La Niña spring headed to Georgia?

By Sharon Omahen
University of Georgia

Most Georgians probably don't care much about weather patterns in the Pacific Ocean. But an unusually cold ocean surface there should bring warmer, drier weather here this spring.

Periodic warming or cooling of tropical Pacific Ocean surfaces, known as El Niño or La Niña, can affect U.S. weather patterns. El Niño brings more winter rains. La Niña has the opposite effect.

"The temperatures in the Pacific Ocean affect the mainland U.S. because they affect the jet stream patterns," said Joel Paz, an Extension agrometeorologist with the University of Georgia College of Agricultural and Environmental Sciences.

Cooling waters

Paz said these ocean temperatures were normal for nearly two years. But then "the far eastern Pacific, near the coast of South America, began to cool in October," Paz said.

"The cooling water has since spread westward to the international date line," he said. "The unusually cold sea-surface temperatures are now taking the classic La Niña configuration."

So what does all this mean to you?

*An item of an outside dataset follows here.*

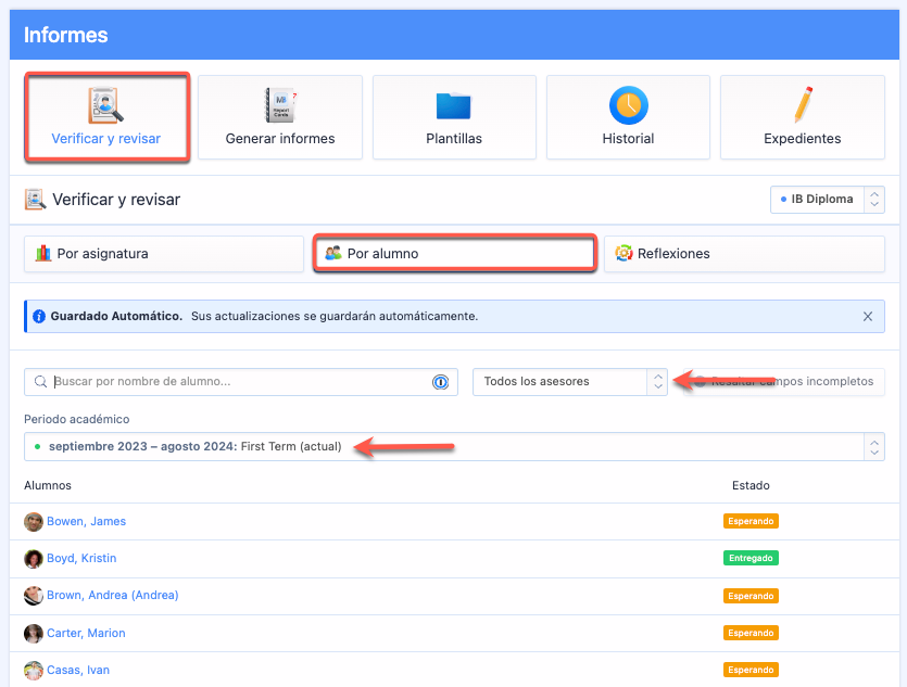 Ve a Verificar y revisar > Seleccionar Programa > Por Asignatura. Desde aquí puedes ver y editar las calificaciones de todas las clases por Asignatura o por Alumno.

Georgia, Florida and Alabama will see drier and warmer-than-normal weather for late winter and spring, he said.

Paz says this La Niña event is unusual in that it came late in the season.

"The classic La Niña climate pattern in the Southeastern U.S. corresponds to fall, winter and spring seasons that are generally warmer and 20 percent to 40 percent drier than normal," he said.

More wildfires possible

"La Niña has a bigger impact in south Georgia, below the fall line," he said. "It's also known to bring an active wildfire season to Florida and the coastal plains of Alabama and Georgia."

Paz tracks these weather patterns as part of a multi-university team of researchers who offer advice for neutral, El Niño and La Niña weather phases. Known as the Southeast Climate Consortium, the group shares their weather knowledge via the Internet at www.agclimate.org.

Designed as a resource for farmers, the consortium Web site issues quarterly forecasts for Alabama, Florida and Georgia. It uses data collected from university resources and the National Climate Data Center.

The site is based on more than 50 years of weather data. It provides monthly rainfall and temperature forecasts for Alabama, Florida and Georgia counties.

The consortium's member universities, besides UGA, are Auburn, Alabama-Huntsville, Florida, Florida State and Miami.

The project is funded by the National Oceanic and Atmospheric Administration's Office of Global Programs, the U.S. Department of Agriculture's Cooperative State Research, Education and Extension Service and the USDA's Risk Management Agency.

Sharon Omahen is a news editor with the University of Georgia College of Agricultural and Environmental Sciences.